Dataset excerpts:
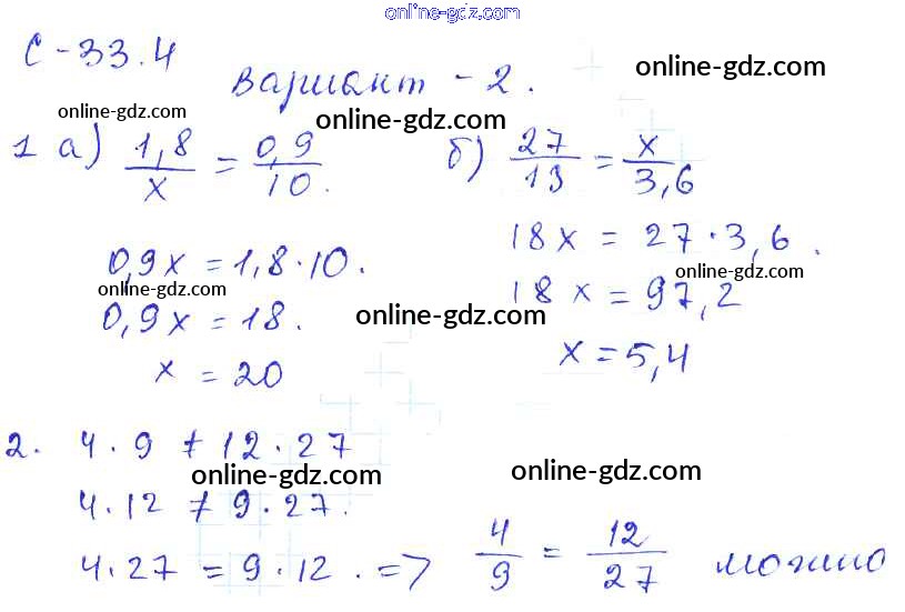 Готовые домашние задания по Математике за 6 класс Самостоятельные работы Зубарева, Лепешонкова УМК 2020 - 4. Варианты СР-33 2
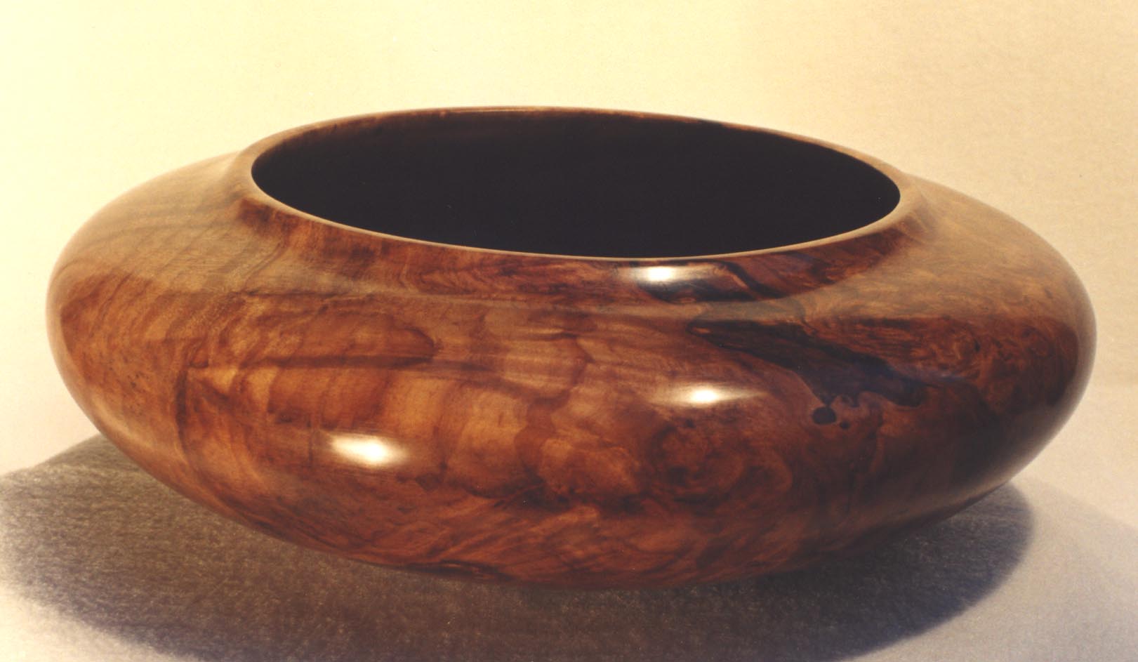 Southwest pueblo pottery form. Big leaf maple. 13.5 inch diameter x 7 inches high. |
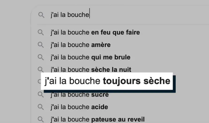 Si vous tapez "J’ai la bouche" sur un moteur de recherche, vous tombez tout de suite sur "pâteuse", "sèche", "en feu", "amère" "toujours sèche", "qui me brûle". On obtient 97 700 résultats pour cette bouche pâteuse. Cela touche les hommes comme les femmes, ces personnes témoignent souvent de la sensation désagréable que cela induit mais aussi de leur gêne sociale… A tel point que certaines ont tendance à se replier un peu sur elles-mêmes, à moins parler, à moins s’exprimer en public. C’est dommage car il existe des solutions.
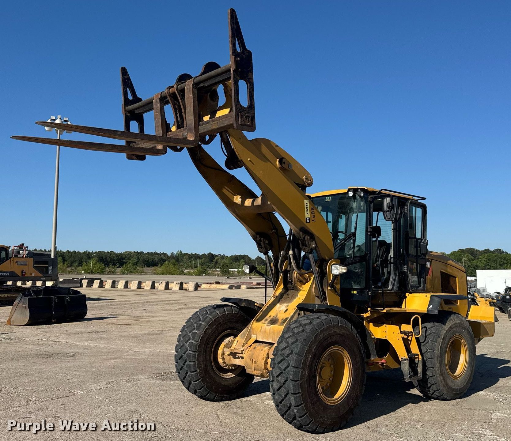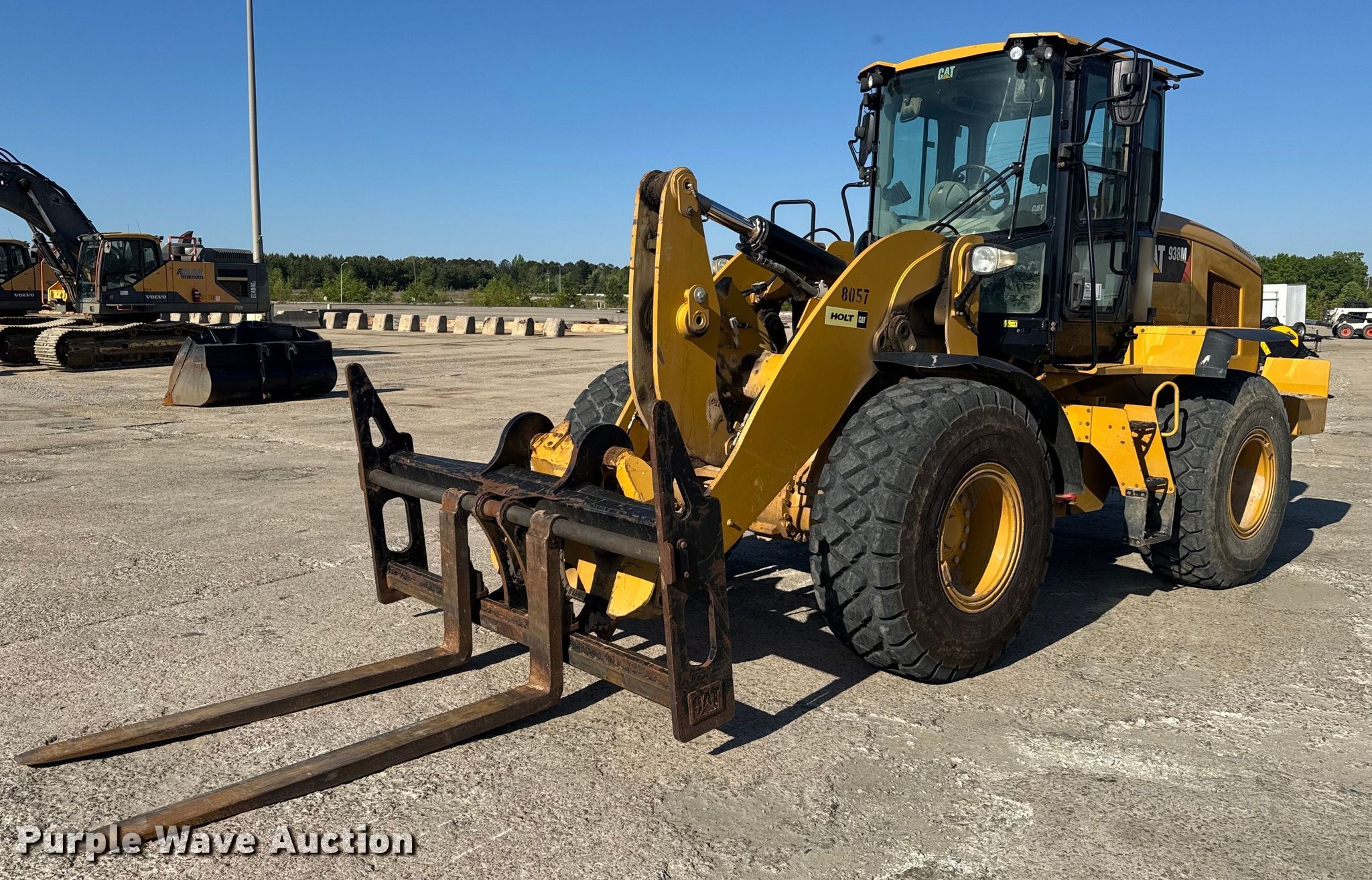 2019 Caterpillar 938M wheel loader. Hours: 5,655 on meter, Serial: CAT0938MLJ3R08311, Unit #: 8057. Engine Caterpillar C7.1, Displacement: 7.01L, Cylinders: 6, Fuel type: Diesel. Transmission Hydrostatic. Chassis Differential lock. Operators station Enclosed cab, AC, Heat, Bucket controls: Joystick. Features Auxiliary hydraulics: Front, Quick coupler: Hydraulic, Forks Caterpillar, Length: 72". Tires Size: 20.5R25. Valfair Construction - Open Inspection June 9, 10 and 11. 700 Southbound Road. Gaston, SC 29053
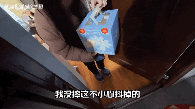 路上不小心碾过障碍物,车身一晃,蛋糕有些变形。
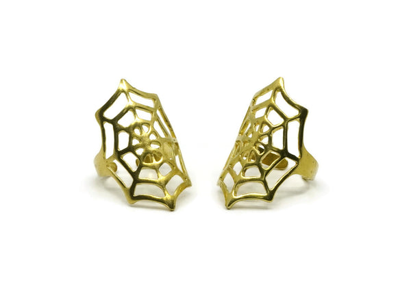 Spider Web Ring, 2 Raw Brass Adjustable Spider Web Rings N0033
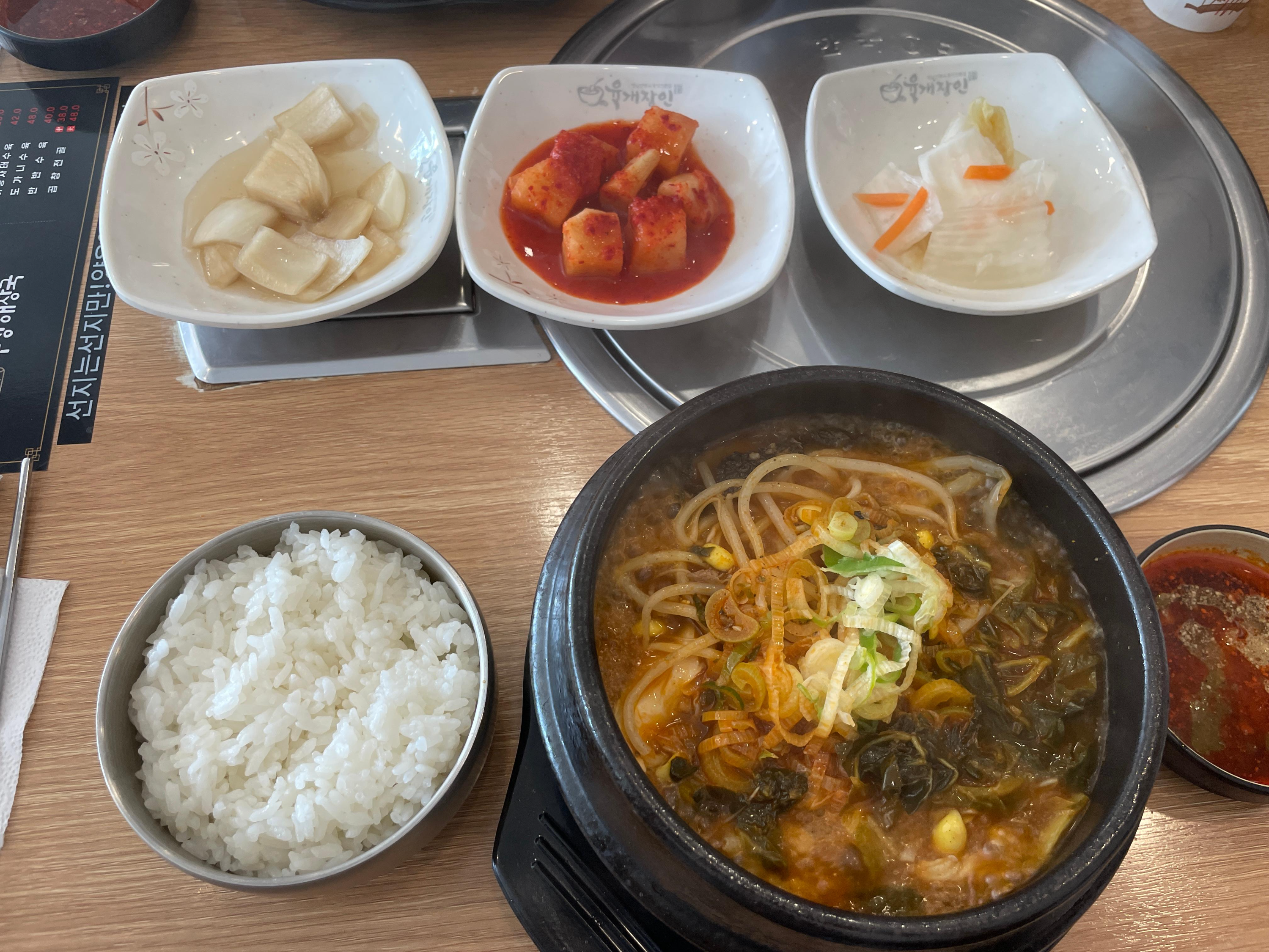 기본반찬으로 양파장아찌, 깍두기, 백김치가 나옵니다. 뚝배기에 콩나물, 우거지와 양 등이 들어가 있습니다.
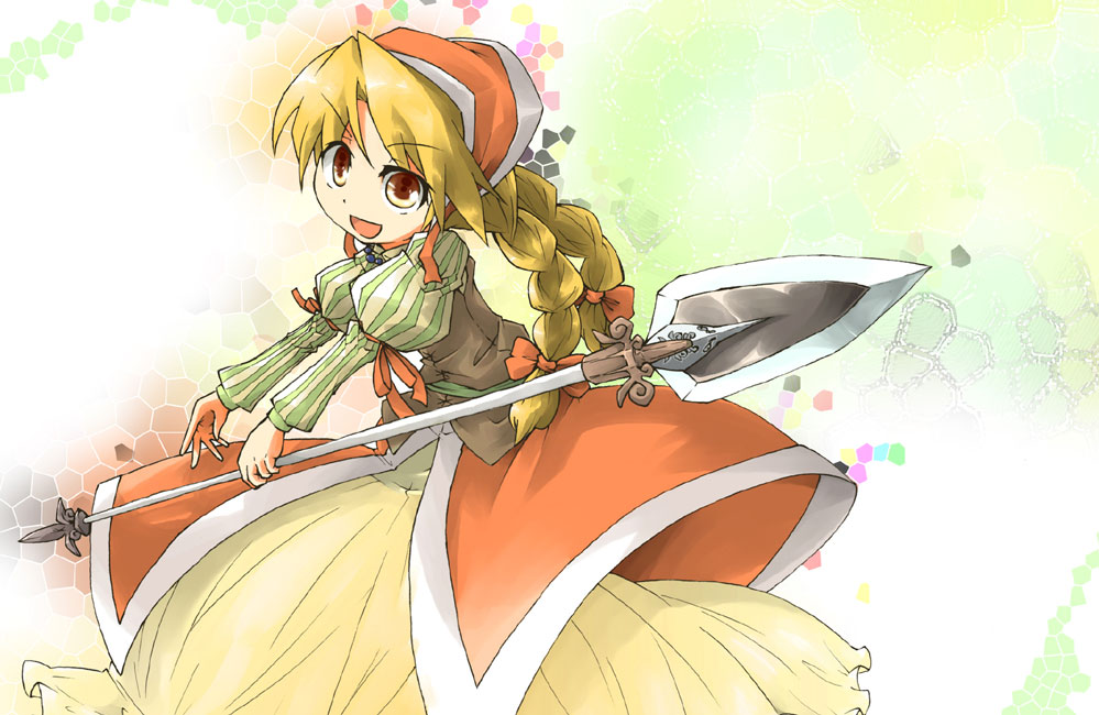 1girlblonde hairbonnetbraidfemale focushair ribbonpolearmred eyesribbonsolospeartwin braidsweapon
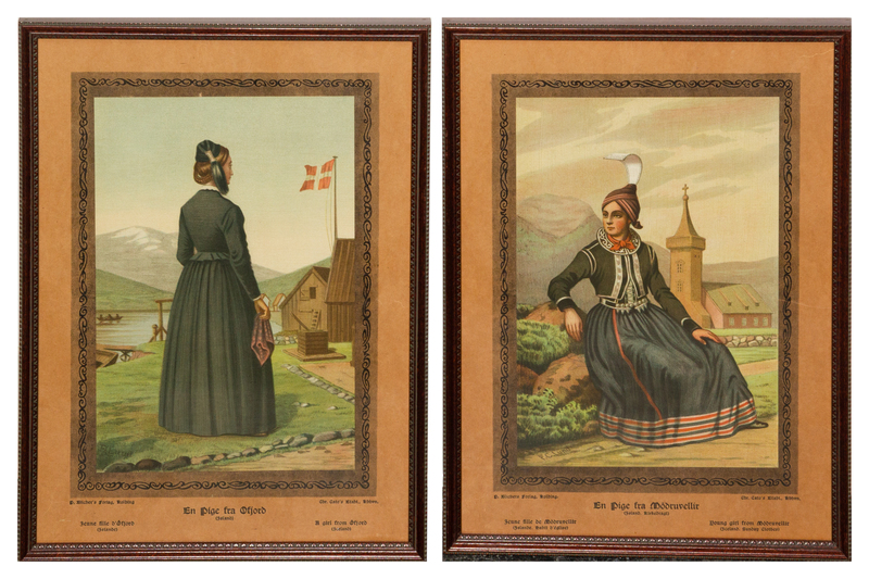 En Pige fra Ofjord. -- En Pige fra Modruvellir.2 lithographic plates with hand-coloring from Danske Nationaldragter, [ca 1861], plate 26 x 18 mm, on wove paper, mounted and framed (not examined out of frame).

What is expected:
Print only the lines from the opening line of the listing to the line containing "Si vous tapez", inclusive, exactly as they appear and without pictures.

Task result:
 Готовые домашние задания по Математике за 6 класс Самостоятельные работы Зубарева, Лепешонкова УМК 2020 - 4. Варианты СР-33 2
 Southwest pueblo pottery form. Big leaf maple. 13.5 inch diameter x 7 inches high. |
 Si vous tapez "J’ai la bouche" sur un moteur de recherche, vous tombez tout de suite sur "pâteuse", "sèche", "en feu", "amère" "toujours sèche", "qui me brûle". On obtient 97 700 résultats pour cette bouche pâteuse. Cela touche les hommes comme les femmes, ces personnes témoignent souvent de la sensation désagréable que cela induit mais aussi de leur gêne sociale… A tel point que certaines ont tendance à se replier un peu sur elles-mêmes, à moins parler, à moins s’exprimer en public. C’est dommage car il existe des solutions.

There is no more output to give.